▶ [TASK ITEM]: Output a character-exact copy of the data, images removed.

Items from a data source
================================

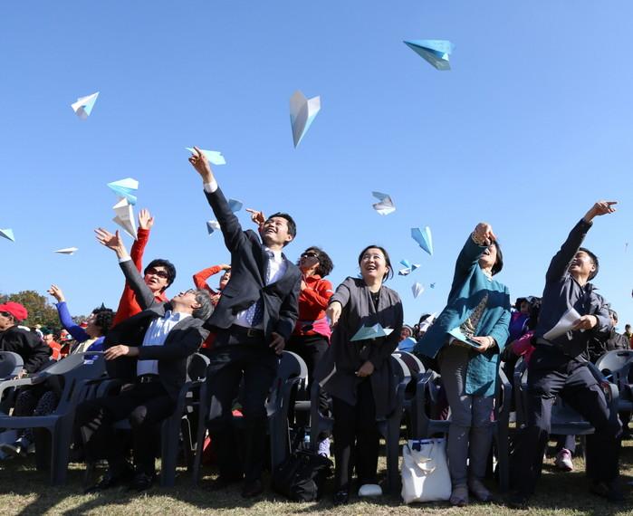 공개된 사진에는 (재)예술경영지원센터 김선영 대표를 비롯한 주요 내빈들이 전국생활문화제의 성공적인 개최를 기원하며 종이비행기를 날리고 있다.
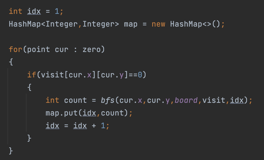 int count = bfs(cur.x,cur.y,board,visit,idx);
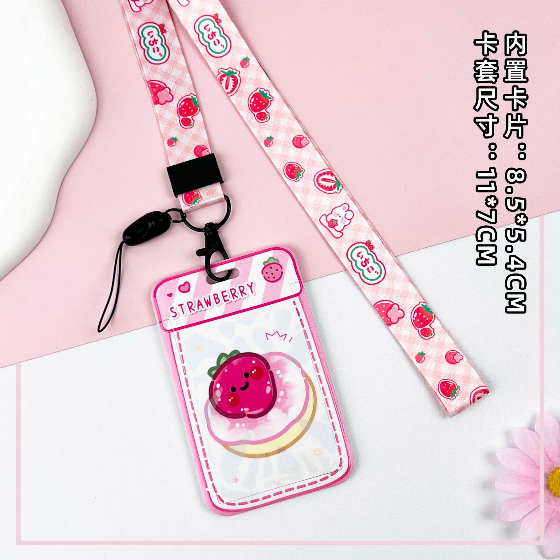 • 핑크 요거트 케이크 + 체크 무늬 딸기 토끼 긴 끈
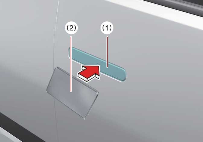 If the driver touches the NFC antenna of the registered card key 2 on the driver's or passenger's door handle authentication pad (1) for more than 2 seconds, the door will lock or unlock.
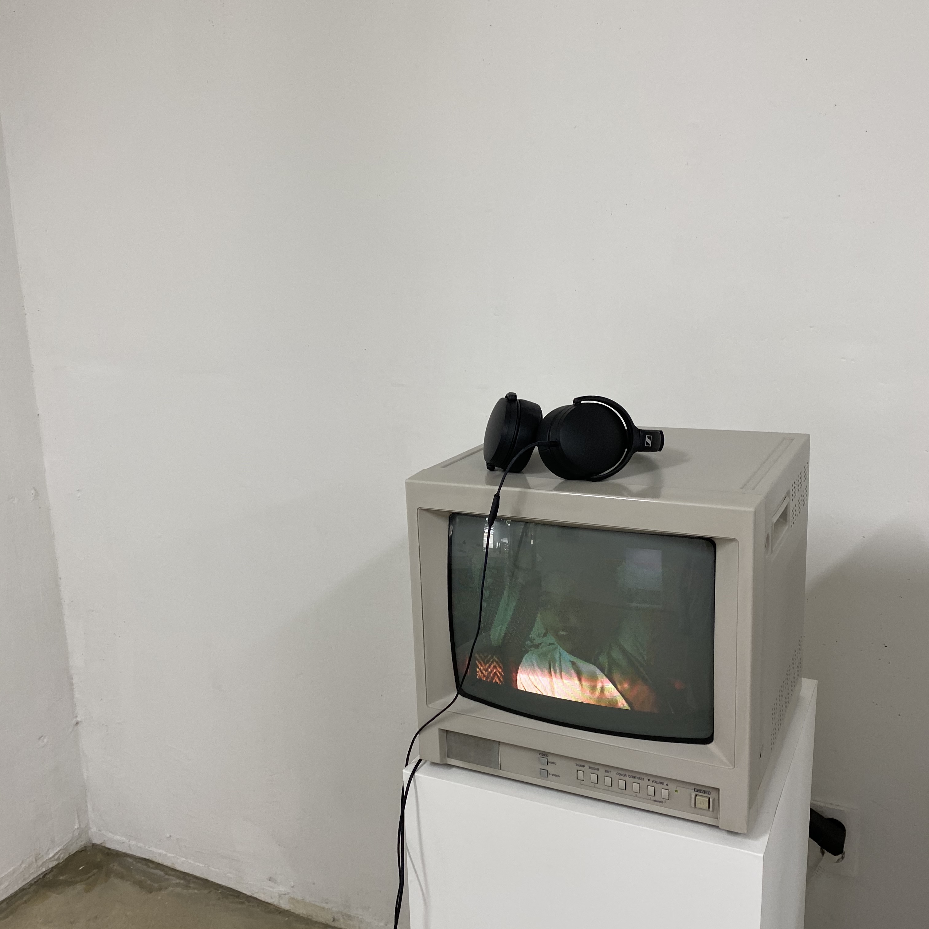 전시되있는 티비 한대와 헤드셋이 있습니다.
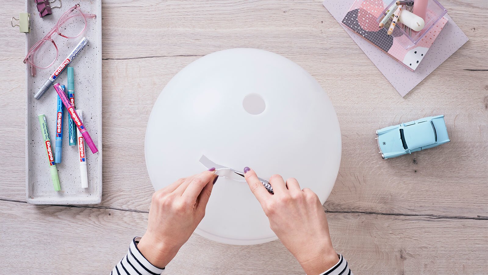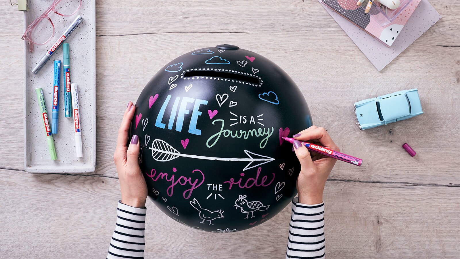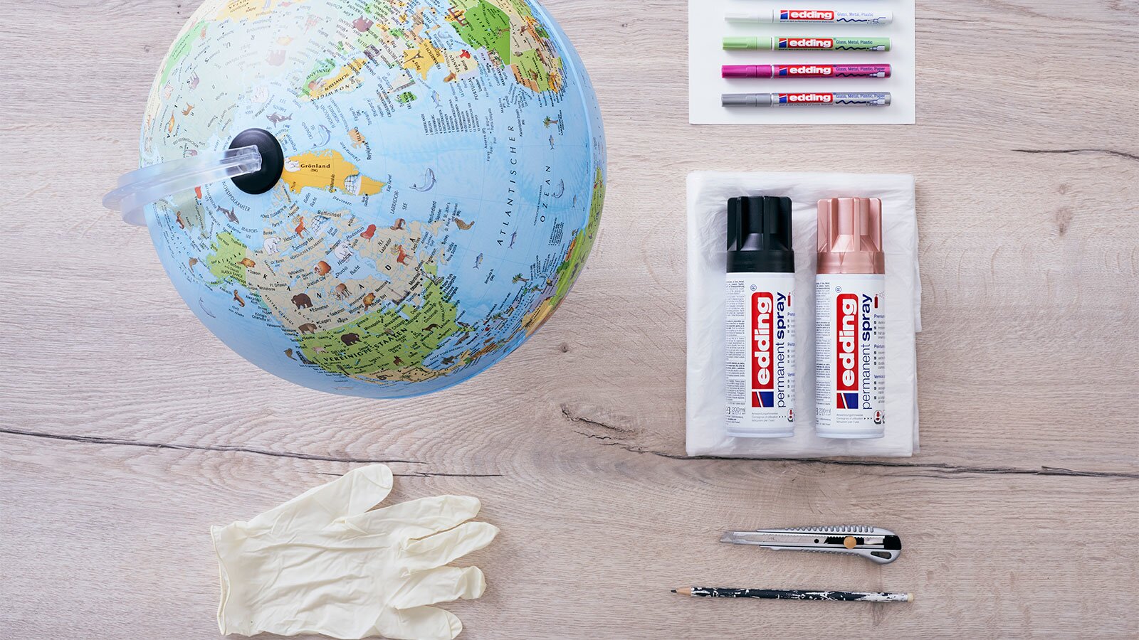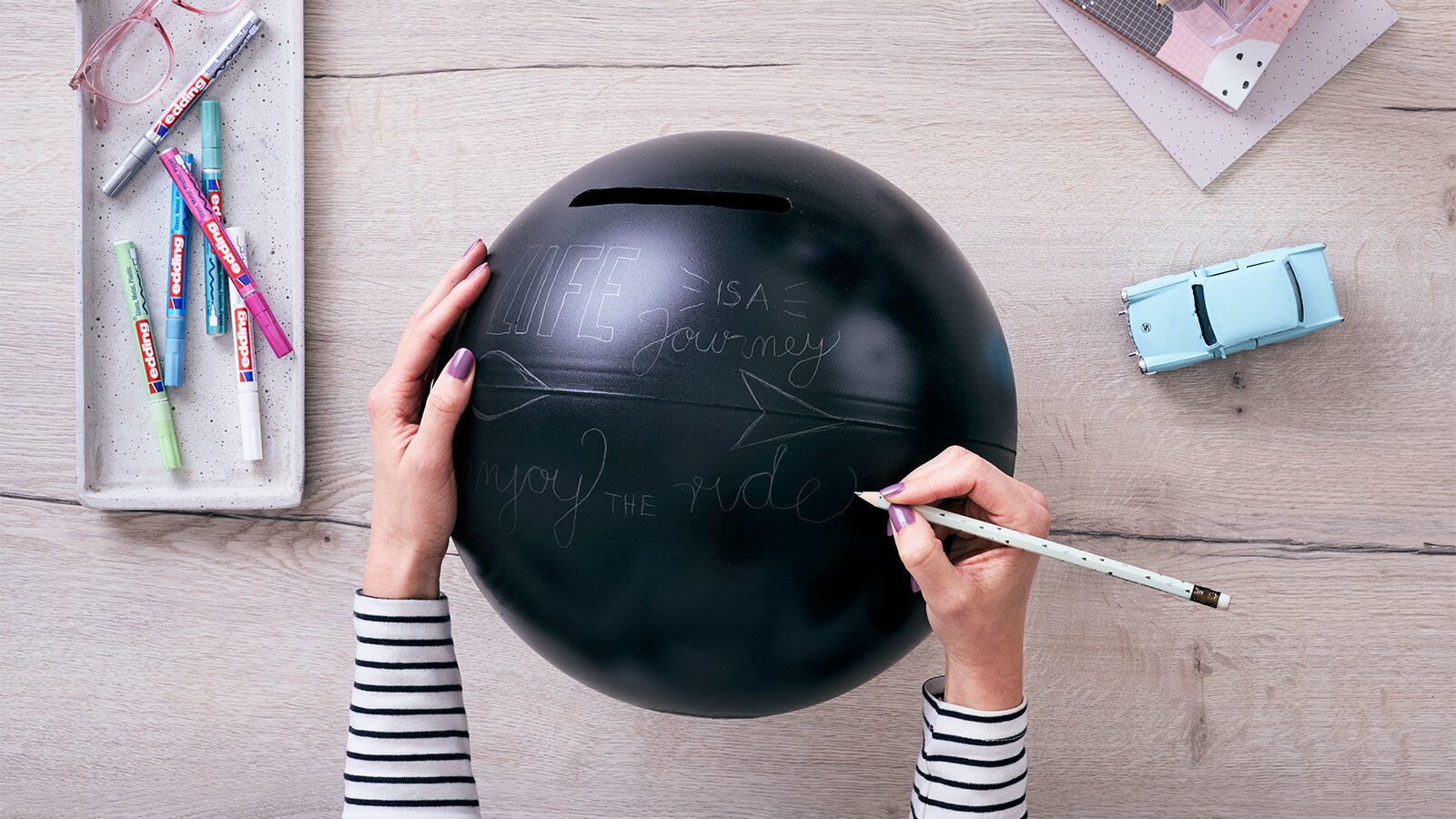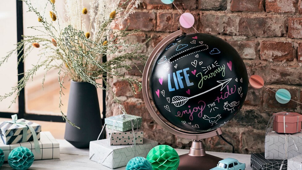 Svatba je začátkem cesty novou životní etapou. Proměnili jsme zeměkouli ve společníka a vykouzlili dokonalý svatební dar. Je to tak snadné: dodejte glóbusu nový vzhled pomocí permanentního spreje edding a navrhněte si ho podle svého gusta pomocí lesklých fixů. Pokud do glóbu vyříznete štěrbinu, získáte také atraktivní pokladničku na svatební stůl, kam mohou hosté vkládat své peněžní dary. Permanentní sprej okamžitě kryje a má krátkou dobu schnutí, takže se můžete velmi rychle pustit do skutečného barevného provedení. Globus můžete ozdobit nejrůznějšími motivy: Vhodné jsou svatební symboly, pozdravy, přání a mnoho dalšího, které lze snadno realizovat pomocí lesklých fixů. Na černém pozadí se krycí barvy připomínající lak opravdu vyjímají. Popisovače nabízíme v různých šířkách čar, od 0,8 mm pro velmi jemné kresby až po 4 mm, pokud chcete nanášet silné barvy.

================================

▶ [COMPLETED TASK]:
 공개된 사진에는 (재)예술경영지원센터 김선영 대표를 비롯한 주요 내빈들이 전국생활문화제의 성공적인 개최를 기원하며 종이비행기를 날리고 있다.
 int count = bfs(cur.x,cur.y,board,visit,idx);
 • 핑크 요거트 케이크 + 체크 무늬 딸기 토끼 긴 끈
 If the driver touches the NFC antenna of the registered card key 2 on the driver's or passenger's door handle authentication pad (1) for more than 2 seconds, the door will lock or unlock.
 전시되있는 티비 한대와 헤드셋이 있습니다.
 Svatba je začátkem cesty novou životní etapou. Proměnili jsme zeměkouli ve společníka a vykouzlili dokonalý svatební dar. Je to tak snadné: dodejte glóbusu nový vzhled pomocí permanentního spreje edding a navrhněte si ho podle svého gusta pomocí lesklých fixů. Pokud do glóbu vyříznete štěrbinu, získáte také atraktivní pokladničku na svatební stůl, kam mohou hosté vkládat své peněžní dary. Permanentní sprej okamžitě kryje a má krátkou dobu schnutí, takže se můžete velmi rychle pustit do skutečného barevného provedení. Globus můžete ozdobit nejrůznějšími motivy: Vhodné jsou svatební symboly, pozdravy, přání a mnoho dalšího, které lze snadno realizovat pomocí lesklých fixů. Na černém pozadí se krycí barvy připomínající lak opravdu vyjímají. Popisovače nabízíme v různých šířkách čar, od 0,8 mm pro velmi jemné kresby až po 4 mm, pokud chcete nanášet silné barvy.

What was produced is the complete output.